If you don’t know this concept, it works like this: it is funny to make fun of people better off than you, and it is not very funny to mock those people worse off that you. Or to put it another way: a working class person ripping into Boris Johnson works. But when the people in power are making jokes, it becomes a lot less fun.
Obviously, the primary goal of comedy is to be funny, but if jokes and satire provide any purpose past that it is to allow us to criticise those with power, and to mock them. The Conservatives have been in power for over a decade. Boris Johnson soundly defeated Jeremy Corbyn. Leave won the Brexit referendum. Donald Trump beat Hilary Clinton.
The right is in power now, both in the UK and across much of the world, and therefore they should be the targets of humour.
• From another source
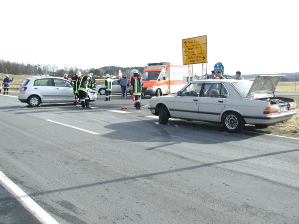 Mit der Meldung „Schwerer Verkehrsunfall Kreuzung Axtheid-Berg, eine Person eingeklemmt“ wurden am Sonntag, 19.02.2006 die Wehren Vilseck, Schlicht und Gressenwöhr um 13:40 alarmiert!
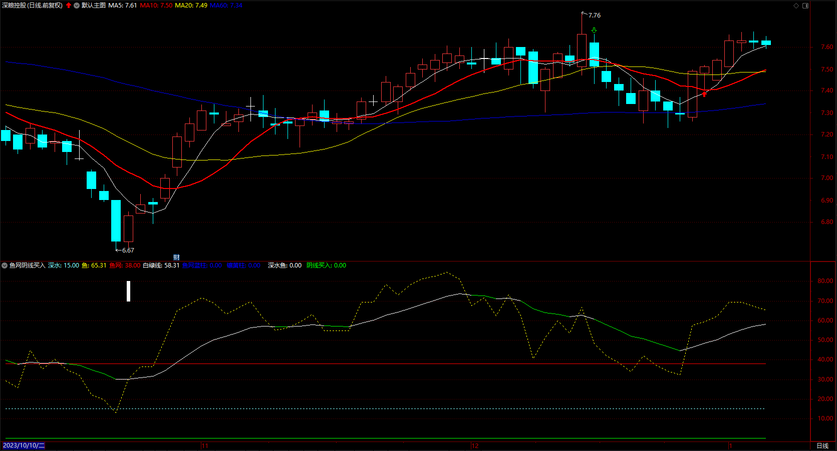 白绿线:SMA(鱼,7,1),COLORWHITE;

And any attempt to counterbalance that – especially one that can be seen to appease a right-wing government – is worrying.
And it says a lot that the right are so self-conscious and thin-skinned about being mocked. As much as it pains me to admit it, but Boris Johnson has the biggest Tory majority since 1987. He won. Why is the right so damn angry about The Mash Report? You’d think they’d be happy now they’re in power. Just flip over to Dave and watch som Top Gear reruns.
It’s like, why does Donald Trump seemingly spend more time talking about Saturday Night Live than the protests happening all over his country?
Maybe, it is because, deep down, they know that right-wing politics are fundamentally about upholding and protecting the status quo, and therefore protecting the people in power. And then when they try to do comedy, they it starts to look like that a posh boy from Eaton making fun of a single mother living in poverty.
Look, I’m not saying there isn’t plenty of awful left-wing comedy out there. Toothless stuff about Trump’s small hands or Boris Johnson’s hair, for easy retweets. The great US comedian Chris Gethard once spoke about something called ‘Clapter’ in an interview that I often think about. Gethard said clapter “is this idea that you just say a thing that you know everyone in the room is going to agree with, so they’ll start clapping.”
“A lot of political comedy falls into that. Like, yeah: if you slam Trump in front of a New York City crowd, they’re all gonna start cheering. But you knew that, and that’s not the most challenging thing for you as an artist.”
And certain BBC panel shows can definitely fall into that trap.
But great political comedy should be challenging the status quo, pointing out people’s bullshit, and making fun of those in power. And booking Laurence Fox to “make fun of the wokeys” isn’t going to be doing that.